Моя знакомая врач, житель большого города, когда умирал ее отец, для того, чтобы получить обезболивающий препарат, целые дни проводила в диспансерах, в поликлиниках, ожидая консилиумов и в поездках в дальнюю аптеку. Для простого человека, незнакомого с системой, выполнить эти правила почти невозможно, настолько они сложны. Для жителей села их просто невозможно выполнить – аптек, в которых имеются обезболивающие препараты, очень мало даже в крупных городах, а на селе, в малых городах их иногда просто нет. А ведь помимо поездок за лекарством для больного, родственники должны еще зарабатывать себе и ему на жизнь…
Мало того, что правила драконовские, но и этим правилам, как справедливо замечает нарколог В. Менделевич, наши врачи боятся выписывать рецепты на обезболивающие. Боятся проверок со стороны федеральной службы по контролю за распространением наркотиков (ФСКН). Родственники больных, пытаясь получить препарат, оказываются под подозрением, а врачи чувствуют себя наркодилерами.
Ситуация сложилась не сегодня. Еще при коммунистах, в 1980-е годы был ограничен доступ к лекарствам, называемым на обывательском языке наркотиками. В результате из чемоданчиков скорой исчез морфин, и врачи стали выезжать на вызовы, даже на пожары и промышленные аварии без обезболивающих средств. В больницах страны, даже в больших, на 2-3 тысячи коек ночью обезболивающие можно получить только в одном месте, куда должна идти медсестра, оставив отделение, чтобы под роспись в журнале получить одну ампулу. Не легче и днем – в отделениях, где часто необходимо обезболивание, врачи и сестры тратят много часов на заполнение форм и проставление росписей в журналах и вклеивание листков в формуляр больного.
Все эти меры абсолютно идиотические, поскольку расход морфина или аналогичных препаратов в больницах и на скорой помощи ничтожен, и не представляет практически интереса для нелегального оборота наркотиков. Борцы с наркотиками направили усилия на аптеки и больницы просто потому, что прессовать людей в белых халатах безопаснее, чем преследовать наркобаронов.
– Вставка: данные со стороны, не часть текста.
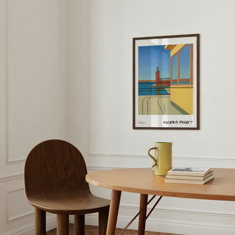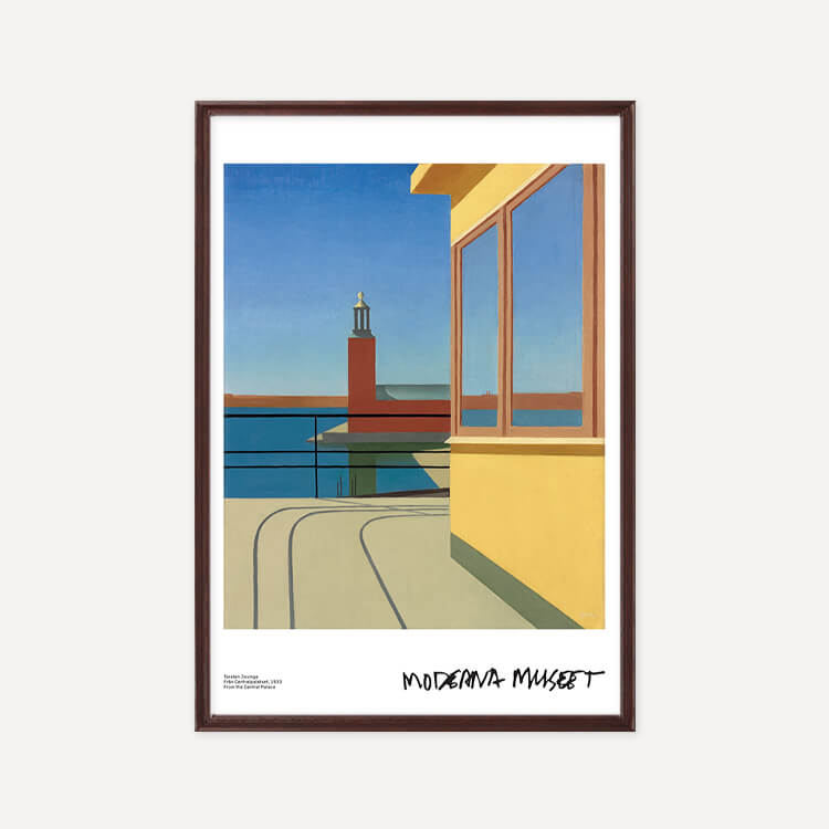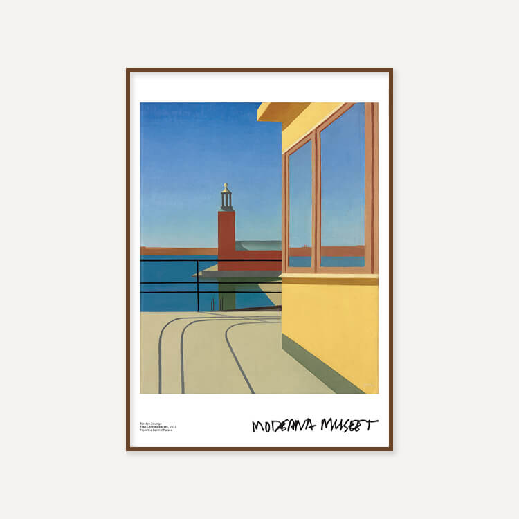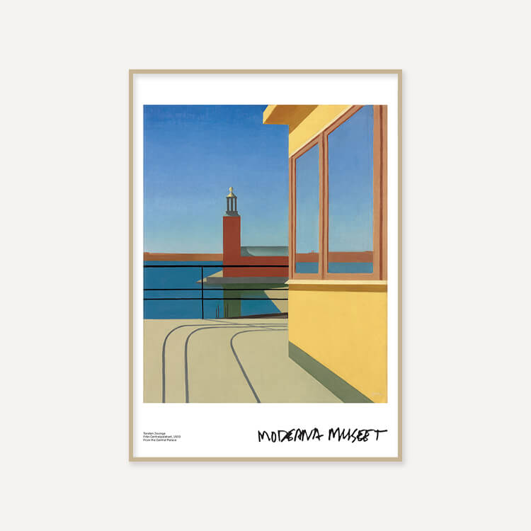 스웨덴 화가 톨스텐 요빈지(Torsten Jovinge)는 주로 큐비즘에 뿌리를 두고 있지만 장식적이고 복잡한 형태에 반대하는 20세기 초 예술 운동인 순수주의와 관련이 있습니다. 이 작품은 Norrström 강이 내려다보이는 스톡홀름 왕궁 밖의 풍경을 묘사한 것으로, 몇 가지 색상만 사용함으로써 그림의 전체적인 형태에 관심을 끌고 있습니다.

К аптекам, продающим или выдающим наркотические анальгетики предъявляются требования по безопасности, примерно, как к госбанку: отдельные комнаты, решетки, сейфы, видео, сигнализация, полицейская охрана. В результате ни одна аптека не хочет заниматься этим убыточным делом, сопровождающимся к тому же общением с наркополицейскими.
Одновременно в нашей стране были введены драконовские ограничения на прописывание врачами наркотических анальгетиков. Врач не может просто выписать нужное лекарство. Он может это сделать только на специальном бланке, который надо получать под роспись, рецепт нужно утверждать на комиссии и у главврача. Этот рецепт дает право на получение очень небольшого количества лекарства, обычно достаточного лишь на один-два дня. Действует он только на одно приобретение лекарства, и только в течение 5 дней. Все праздники становятся трагедией – оформить новый рецепт своевременно невозможно. А врач ограничен жесткими максимальными разовыми и суточными дозами. Больные закреплены за специальными аптеками на основании прописки, и не могут купить лекарство там, где живут. Впрочем, даже если поликлиника и аптека расположены через дорогу, и семье больного все помогают, вероятнее всего, обезболивание будет трудно достижимым и неполным.
В завершение надругательства над больным требуется сдавать ампулы от использованного препарата, а от родственников умершего – сдавать назад копеечной цены неиспользованные ампулы.
Эти ограничения противоречат рекомендациям Международной организации здравоохранения (ВОЗ). Прежде всего, ВОЗ настаивает на том, что предельных разовых и суточных доз не должно быть, доза должна определяться потребностями обезболивания конкретного больного. Для обезболивания должны применяться эффективные препараты, начиная с морфина в таблетках, а у нас обычно предоставляется промедол – коротко действующий и поражающий мозг. Риск развития зависимости («наркомании» в терминах наркоконтролеров) у больных крайне низок. По рекомендациям ВОЗ врач должен сам определять необходимость, дозу и режим применения обезболивающих средств, а не находиться под контролем начальника или коллектива.
Ограничения приводят к тому, что в России нет опиатов в таблетках, а это вынуждает делать многократные инъекции больному в день. Практически недоступны пластыри, кремы и иные современные лекарства. В России на душу населения приходится в 3-4 раза меньше опиатов, чем в развитых странах, а современных лекарств – в десятки раз меньше. Госнаркоконтроль “не препятствует назначению опиоидных аналгетиков по показаниям“ – заявил недавно главный наркополицейский. Это неправда, именно из-за госнаркоконтроля система давления на врача расширилась, охватила множество веществ, названных прекурсорами наркотиков, а недавно наркополицейских посетила идея контролировать и оборот закиси азота.
У многих хосписов нет лицензий на применение наркотических обезболивающих средств. При советской власти у нас вообще не было учреждений для паллиативной помощи. И сейчас появившиеся благодаря международной помощи и работе энтузиастов хосписы крайне малочисленны. В большей части субъектов Российской Федерации их попросту нет. А те, что есть, обычно расположены в старых, ветхих зданиях без удобств, плохо оборудованы, медицинских сестер в них на одну койку в два раза меньше, чем рекомендуется международными организациями по паллиативной помощи.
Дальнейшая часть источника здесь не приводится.